- **Dataset excerpt**
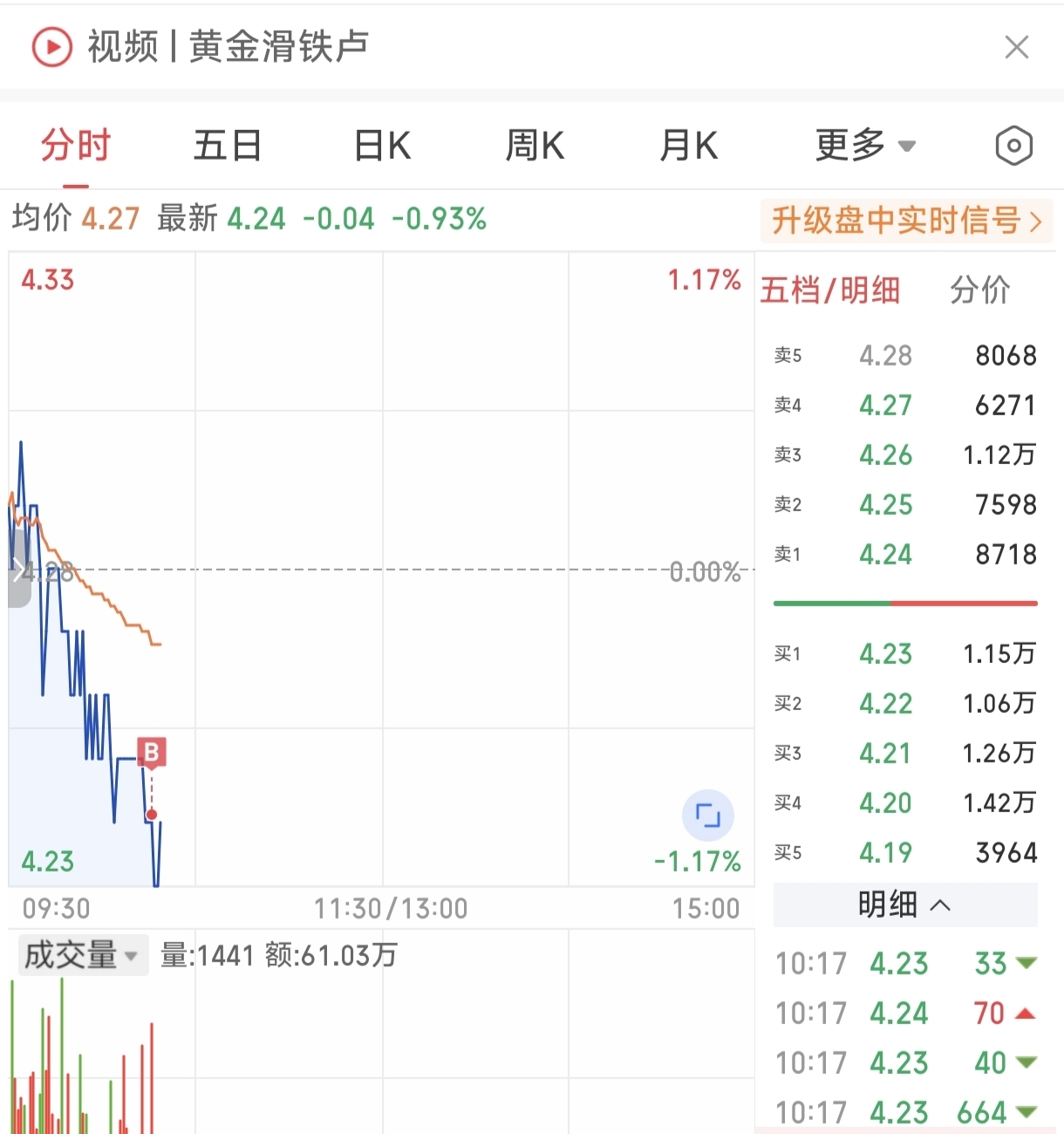 昨晚托的4.23买入一份已成交
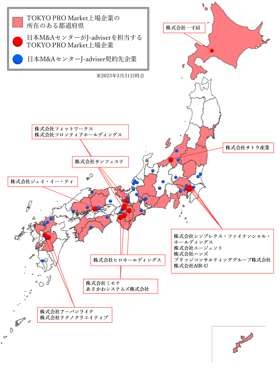 TOKYO PRO Market上場企業および日本M&AセンターJ-adviser契約先企業の状況
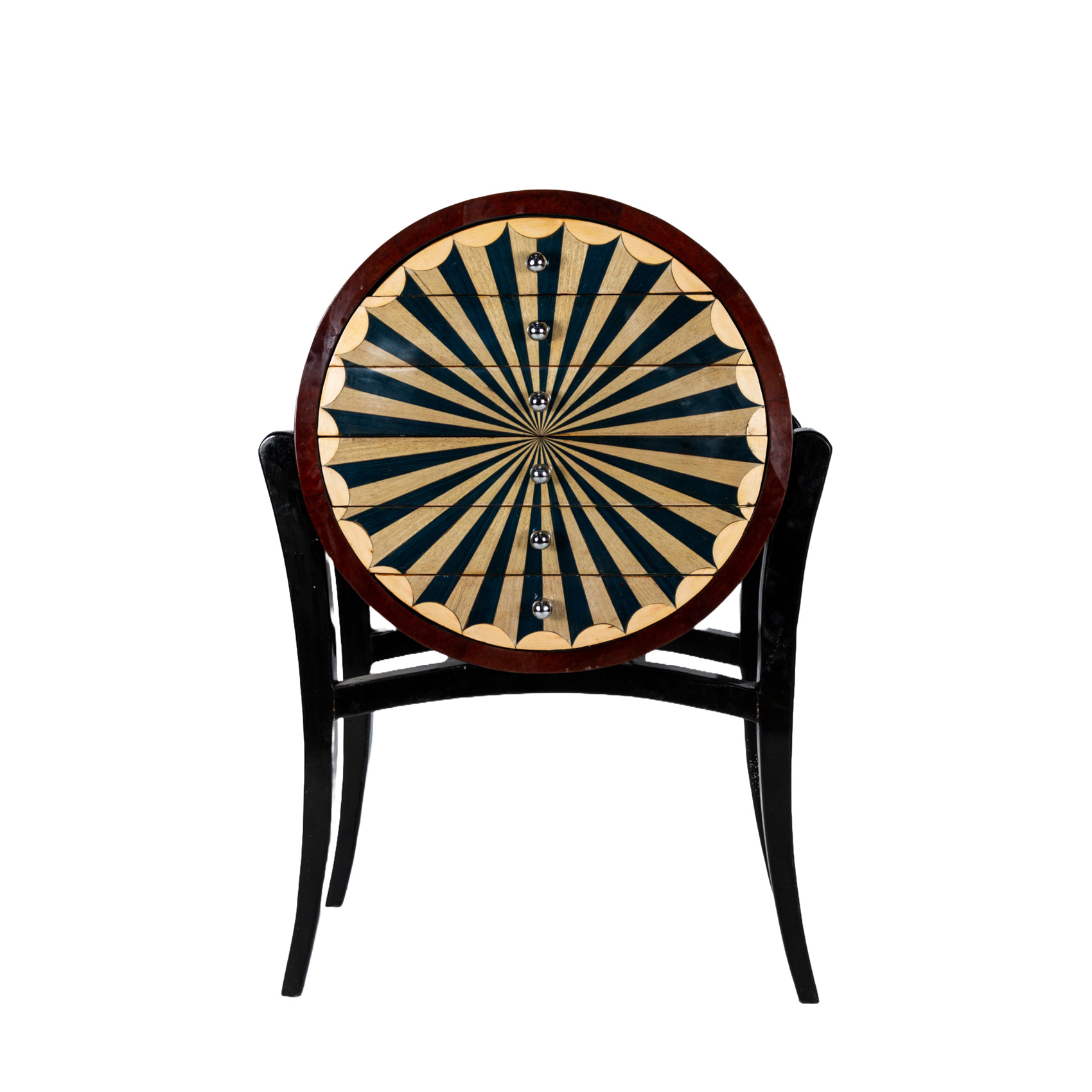 Cómoda de diseño circular estilo Mid Century con decoración geométrica en marqueterias con seis cajones al frente, s.XX. Apoya sobre estructura de patas galveadas.

- **About this task**
Could you give the listing again exactly, minus its pictures?

- **Solution to the problem**
 昨晚托的4.23买入一份已成交
 TOKYO PRO Market上場企業および日本M&AセンターJ-adviser契約先企業の状況
 Cómoda de diseño circular estilo Mid Century con decoración geométrica en marqueterias con seis cajones al frente, s.XX. Apoya sobre estructura de patas galveadas.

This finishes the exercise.